My main criticism is that Rodrik seems to suffer from his own complaint:
instead of sticking to what they are good at--analyzing
trade-offs--economists typically engage in amateur normative political
theorizing about what is good for society.
There is a robust, enduring and (relatively) straightforward theoretical framework that demonstrates the positive-sum gains of comparative advantage, and thus an economic rationale for unilateral international trade. I am routinely frustrated by the fragmentary, anecdotal, conspiracy-led, rhetoric-laced specific cases that mask as a critique. Thus the anti-globalisation crowd seem wedded to complex theory to support their stories, even though the more complicated the economic theory, the lower our confidence in it should be. Rodrik is a prime example of an economist who over-complicates theory (formalism being a convenient way to do this), but in this article he also seems to fall victim to casual empiricism. After a lengthy list of the benefits of greater globalisation (better quality football, higher wages to skilled footballers), he attempts to undermine these unambiguous advances with the costs:
- Many fear that the quality of national teams is harmed by the availability of foreign players
- Many blame the country’s [England's] failure to qualify for this summer’s European
championship on the preponderance of foreign players in English club
teams
- There is also a broader backlash under way. Sepp Blatter, the
president of FIFA, soccer’s global governing body, has been pushing a
plan to limit to five the number of foreign players that club teams
would be allowed to have on the field
Is that really the best we can do? Are there no greater costs that this ramshackle list of blind assertions and scare-mongering? Where's the evidence to say that national teams are harmed by foreign players? Who are blaming these foreigners for England's ineptitude? The irony is that England were relatively successful under Eriksson (a Swede). We were woeful under his predecessor (Keegan, an Englishman) and his successor (McClaren, an Englishman). And since when did anyone believe that sharing an opinion with Sepp Blatter was a good thing?!
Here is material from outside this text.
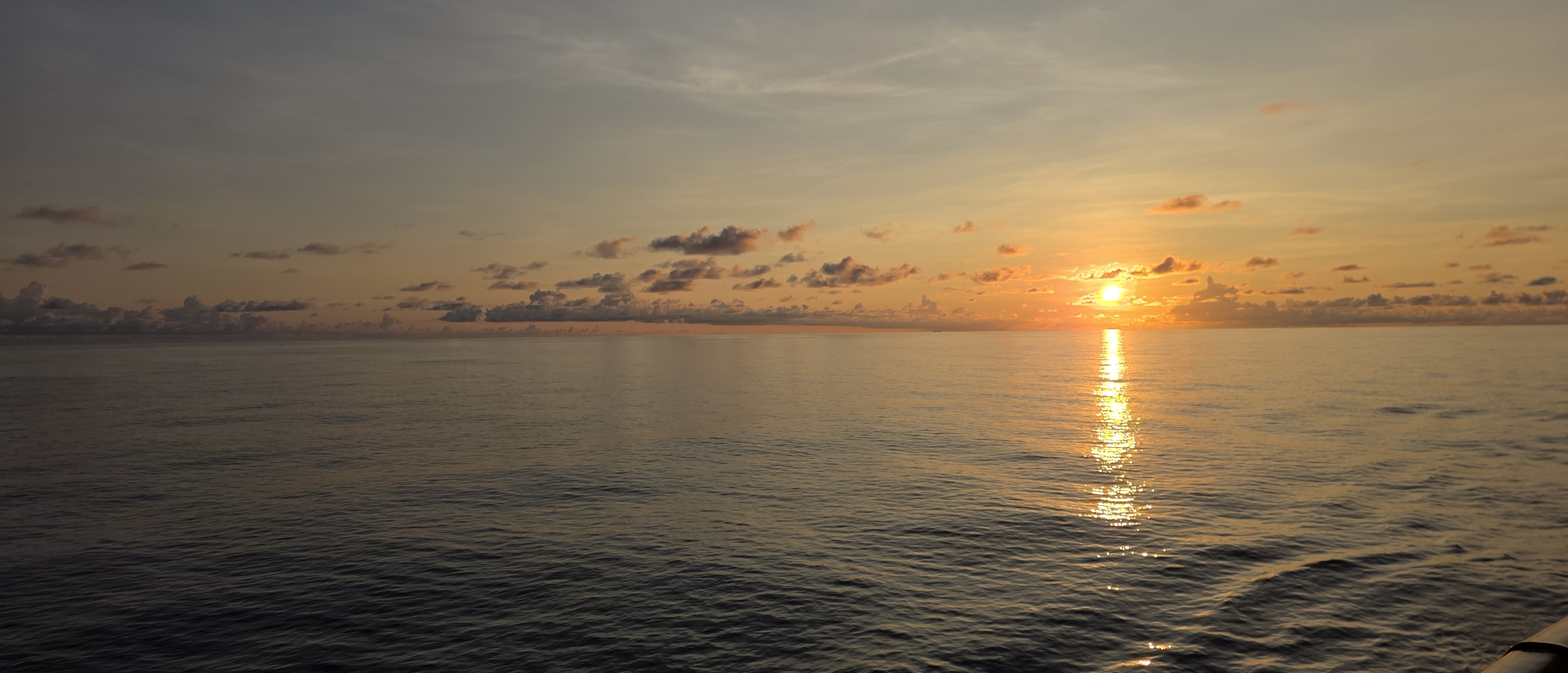 Day at sea, clouds with a bonus rainbow on the left side 3-28-25

Rodrik takes as given that the quality of the Yaoundé domestic league has fallen as a result of globalisation, and I'd like to see evidence. Since jobs and skills aren't fixed, for every player that leaves their domestic league to follow the money to England, Spain or Italy, the incentive to become a professional footballer, and for domestic clubs to improve their scouting and coaching improves dramatically. This might rest on an assumption of a sufficient rule of law that contracts are written and enforced, but even if this doesn't exist, it increases the benefit from legal reform.
Ultimately the only 'losers' from globalisation are, as Rodrik says, those who value their national team. If all players benefit through globalisation, and all club supporters, then to find losers you must implicitly accept the validity of their preferences. The logic of economics supersedes arbitrary political boundaries - the fact that nationalists lose out through economic liberalism is obvious. Rather than take preferences as given, political economist should explicitly deal with normative judgments; *if* your aim is X then policy A is the most appropriate. *If* you desire Y, then go for policy B. There's nothing more amateur and normative than attempting to provide unambiguous, pseudo-positive answers. The debate should be a normative clash between nationalists and European liberals, and economists should be honest enough to explain how the logic of globalisation supports the latter, not the former.
And finally, notice that by it's nature football is a zero-sum game. By definition any change to the sport will leave some sides better off and some worse off. I was hoping Rodrik would shed light on both his own insights, and also the issue at hand. Sadly, my conclusion is that it's a false analogy, with little implication. Maybe you can do better.